| What you need to do |
Of all the lines below, output only those starting at the one with "place, dais, celebrate" and ending at the one with "Big needles and", both ends included, exactly as written.

___ Data supplied ___

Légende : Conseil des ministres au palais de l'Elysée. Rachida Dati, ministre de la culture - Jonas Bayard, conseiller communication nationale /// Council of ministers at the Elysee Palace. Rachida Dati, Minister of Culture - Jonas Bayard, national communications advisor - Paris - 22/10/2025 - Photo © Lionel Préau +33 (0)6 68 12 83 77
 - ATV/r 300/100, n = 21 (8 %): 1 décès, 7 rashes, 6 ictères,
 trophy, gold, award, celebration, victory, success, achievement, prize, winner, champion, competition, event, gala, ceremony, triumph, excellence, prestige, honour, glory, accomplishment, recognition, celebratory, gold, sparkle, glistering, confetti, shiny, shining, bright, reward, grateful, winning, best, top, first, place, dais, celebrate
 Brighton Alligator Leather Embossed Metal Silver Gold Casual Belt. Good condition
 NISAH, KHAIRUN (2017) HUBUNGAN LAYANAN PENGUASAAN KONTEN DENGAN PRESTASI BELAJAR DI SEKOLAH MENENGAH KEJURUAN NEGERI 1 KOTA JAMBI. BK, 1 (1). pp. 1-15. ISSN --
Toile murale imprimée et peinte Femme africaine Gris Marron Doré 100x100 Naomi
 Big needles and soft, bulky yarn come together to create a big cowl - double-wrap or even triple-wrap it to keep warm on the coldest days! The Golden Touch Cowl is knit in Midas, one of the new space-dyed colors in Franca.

___
___ Data supplied ___

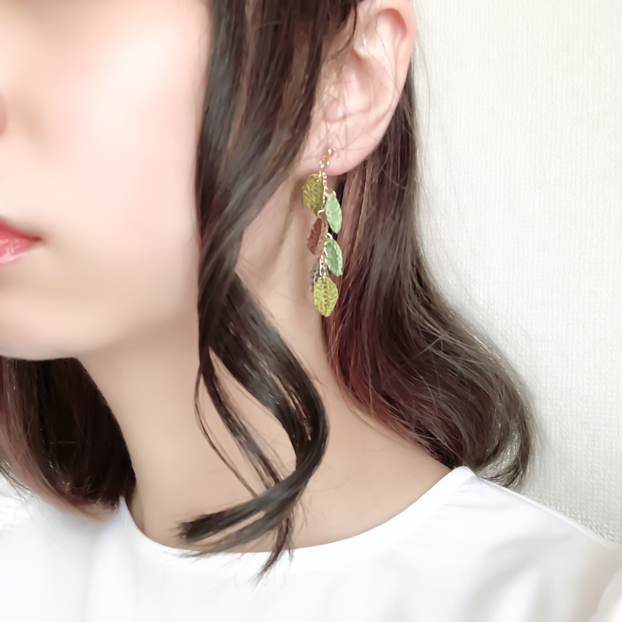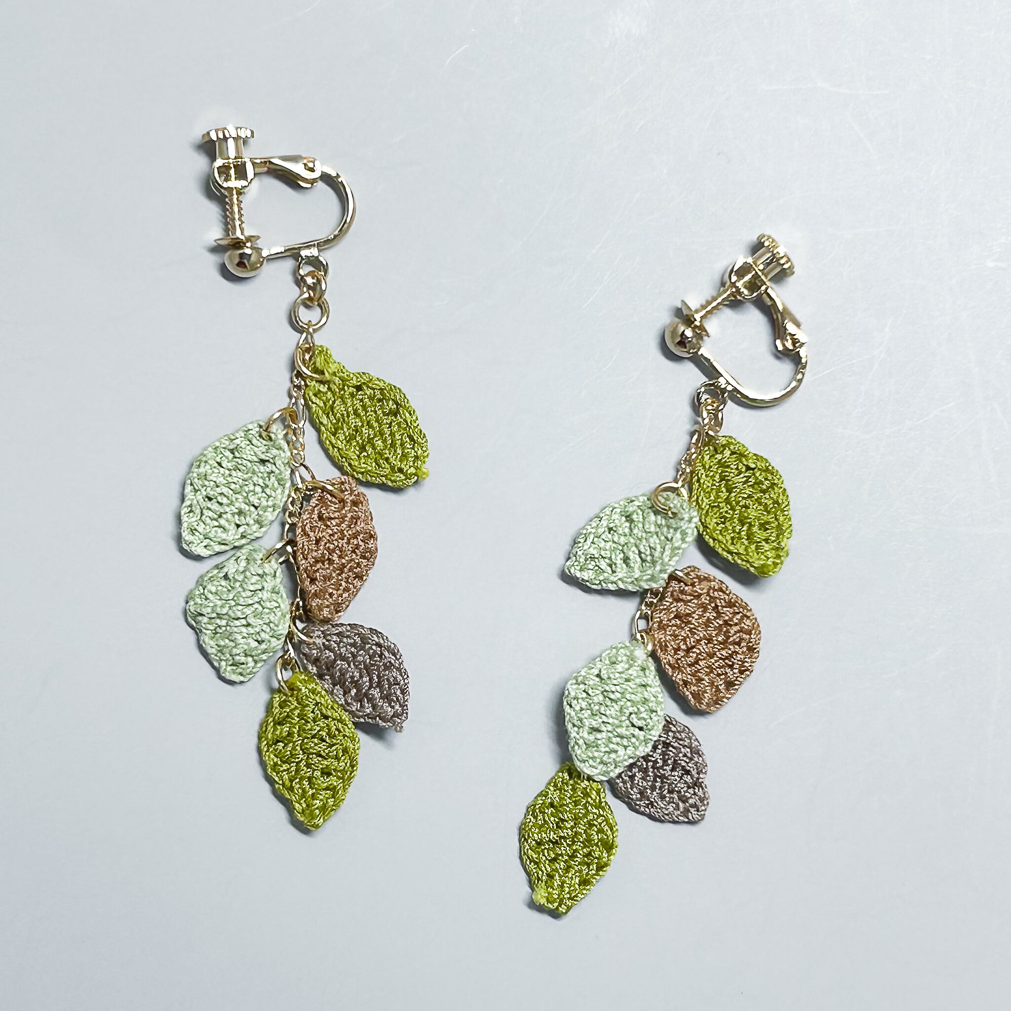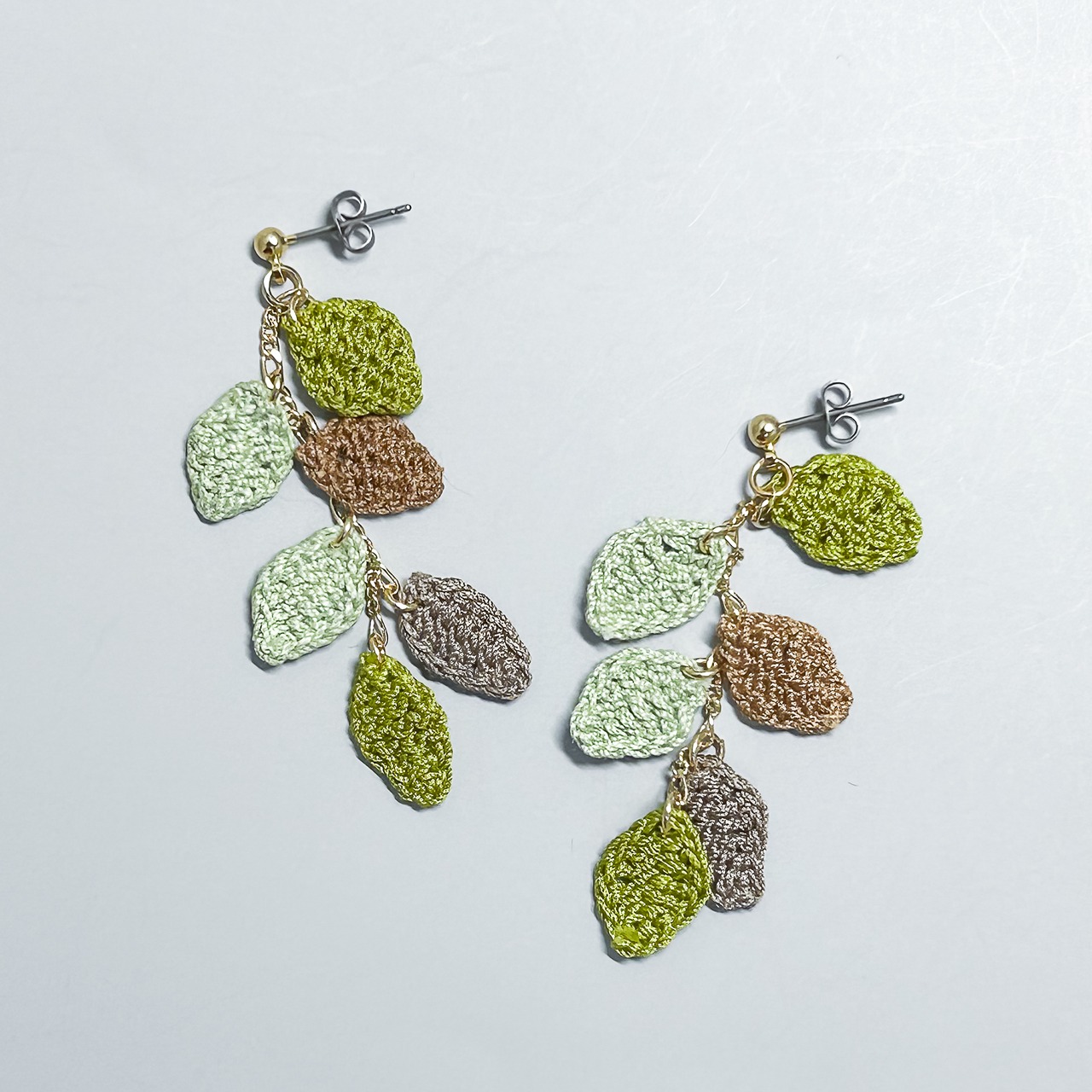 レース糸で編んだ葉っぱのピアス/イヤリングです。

___
___ Data supplied ___

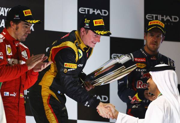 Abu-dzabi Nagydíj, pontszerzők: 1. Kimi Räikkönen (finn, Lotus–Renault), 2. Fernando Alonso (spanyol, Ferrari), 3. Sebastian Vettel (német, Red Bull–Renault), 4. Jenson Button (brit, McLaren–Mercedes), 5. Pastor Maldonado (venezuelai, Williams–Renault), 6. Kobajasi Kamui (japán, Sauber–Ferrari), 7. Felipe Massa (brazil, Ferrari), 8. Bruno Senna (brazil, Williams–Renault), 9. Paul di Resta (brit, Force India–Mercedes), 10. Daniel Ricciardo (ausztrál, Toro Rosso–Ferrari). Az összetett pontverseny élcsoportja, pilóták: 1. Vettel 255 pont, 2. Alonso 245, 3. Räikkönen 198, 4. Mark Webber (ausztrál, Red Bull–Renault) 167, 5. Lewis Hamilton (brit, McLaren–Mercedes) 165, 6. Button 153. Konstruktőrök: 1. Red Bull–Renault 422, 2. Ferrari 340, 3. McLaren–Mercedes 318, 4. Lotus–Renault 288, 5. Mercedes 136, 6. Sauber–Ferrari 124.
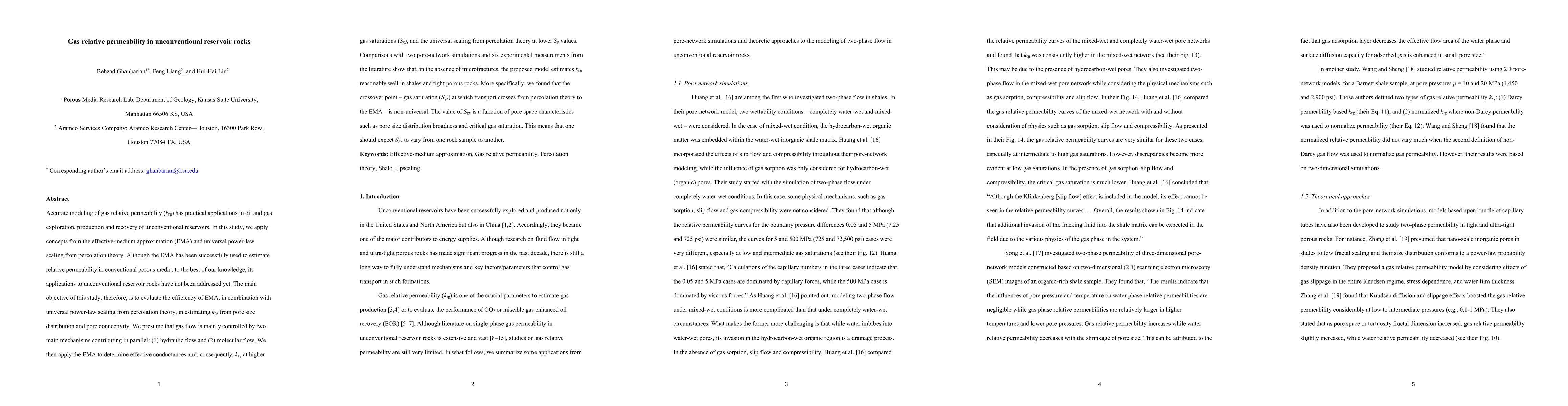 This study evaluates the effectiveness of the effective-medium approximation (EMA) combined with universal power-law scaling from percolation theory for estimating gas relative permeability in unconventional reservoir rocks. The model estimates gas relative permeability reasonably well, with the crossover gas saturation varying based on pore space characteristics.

___

| Exercise response |
 trophy, gold, award, celebration, victory, success, achievement, prize, winner, champion, competition, event, gala, ceremony, triumph, excellence, prestige, honour, glory, accomplishment, recognition, celebratory, gold, sparkle, glistering, confetti, shiny, shining, bright, reward, grateful, winning, best, top, first, place, dais, celebrate
 Brighton Alligator Leather Embossed Metal Silver Gold Casual Belt. Good condition
 NISAH, KHAIRUN (2017) HUBUNGAN LAYANAN PENGUASAAN KONTEN DENGAN PRESTASI BELAJAR DI SEKOLAH MENENGAH KEJURUAN NEGERI 1 KOTA JAMBI. BK, 1 (1). pp. 1-15. ISSN --
Toile murale imprimée et peinte Femme africaine Gris Marron Doré 100x100 Naomi
 Big needles and soft, bulky yarn come together to create a big cowl - double-wrap or even triple-wrap it to keep warm on the coldest days! The Golden Touch Cowl is knit in Midas, one of the new space-dyed colors in Franca.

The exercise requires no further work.